Delivered
nearly five months early, Shel’be Pruitt weighed 17 ounces. She suffered
from pneumonia, and her heart and lungs were barely large enough to
work. Steven and Shaunte’ri Pruitt prayed day and night for their
daughter. Doctors and nurses at Loyola University Medical Center,
near Chicago, even as they used the latest technology to treat Shel’be,
advised the parents that prayer was indeed a valuable resource.
“It’s such a religious
place,” says Shaunte’ri, a devout Baptist, about Loyola. “So many
people said they were praying for us. One of the doctors put it best.
He said, ‘Shel’be will tell us whether she wants to go to heaven.’”
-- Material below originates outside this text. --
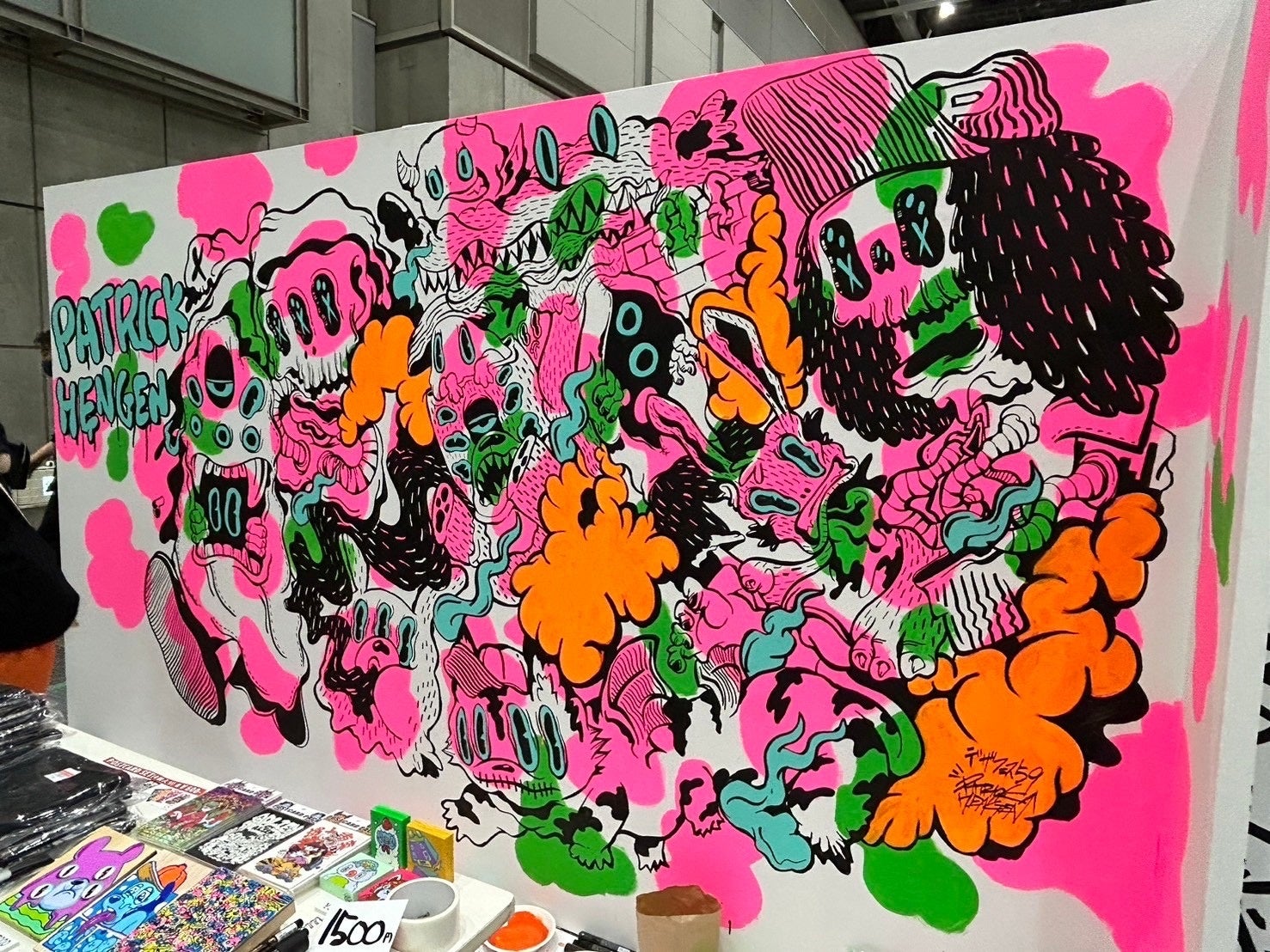 白いキャンバスに2日間かけて描かれていくライブペイント。どんな作品が出来上がるのか、ついつい見入ってしまいます。さらにペインターと会話したり、記念にポストカードを買ったりと、見るだけでは終わりません!

Born in July 1998, Shel’be
went home after a four-month stay at Loyola. She is doing well and
so is Loyola in its goal of treating the human spirit. Its medical
school is one of a growing number of U.S. medical schools which advocate
attending to the spirit as well as the body. Especially at Catholic
schools, medical students are taught to address patients’ spiritual
concerns.
For many people, modern
medicine in the United States lacks heart and soul. Patients complain
of being mistreated by profit-driven managed care and hurried doctors.
The golden age of medicine, in which family doctors knew their patients
and emitted warmth and solicitude, is viewed as long gone.
A patient today can
feel like a number, poked and prodded like a malfunctioning machine.
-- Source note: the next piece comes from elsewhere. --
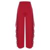 Женские танцевальные брюки с высокой талией и широкими штанинами, с воланами, драпировкой, для сценических выступлений, струящиеся

But Catholic medical schools are leading the charge to restore health
to the practice of medicine. Medical school students learn that much
more is going on inside a patient than a faulty heart or balky limb.
“When a person has a
serious or chronic illness, God becomes very important,” says Dr.
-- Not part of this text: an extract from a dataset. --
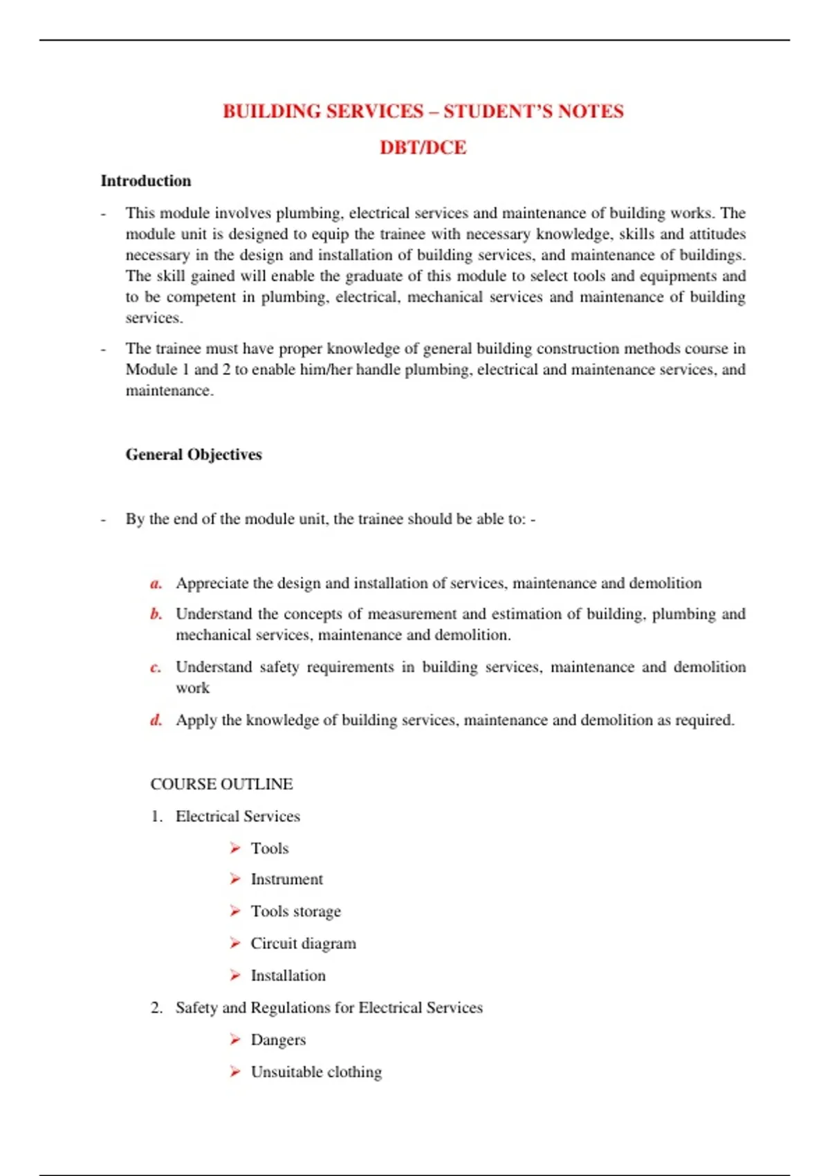 - This module involves plumbing, electrical services and maintenance of building works. The

David Larson, president of the National Institute for Healthcare Research
(NIHR) in Washington, D.C., a nonprofit group that studies the link
between faith and healing. “Medicine can offer patients a lot. But
we don’t necessarily offer hope. We don’t offer love very well. We
don’t offer meaning. Guess what does?”
Age-old
Fears
Loyola University Medical
Center and its Stritch School of Medicine occupy a 70-acre campus
in Maywood, Illinois. The center, a testament to the power and glory
of modern medicine, has the oldest and most active heart-transplant
program in the nation. It performs the most bone-marrow transplants,
lung transplants and cornea transplants in Illinois. Its “flying emergency
room” helicopter saves people whose fate would have been sealed without
its traffic-defeating transport.
Amid the marvels of
modern medicine found in every patient’s room are the age-old fears
that accompany illness. “We teach our students that every serious
illness presents a crisis of meaning,” says Maureen Fuechtmann, associate
vice president for university ministry at Loyola. “This ranges from
simple fear to who will take care of my kids to a person’s sense of
vulnerability. We become more serious about God when we’re ill. We
start to understand our own fragility. We maybe understand there is
a God and it’s not me.”
Seriously ill people
frequently experience a heightened spirituality. In a study of 200
elderly patients in Kansas City, 91 percent said their initial response
to a new medical problem was prayer. A study of patients awaiting
heart surgery found that 96 percent used prayer as a coping mechanism.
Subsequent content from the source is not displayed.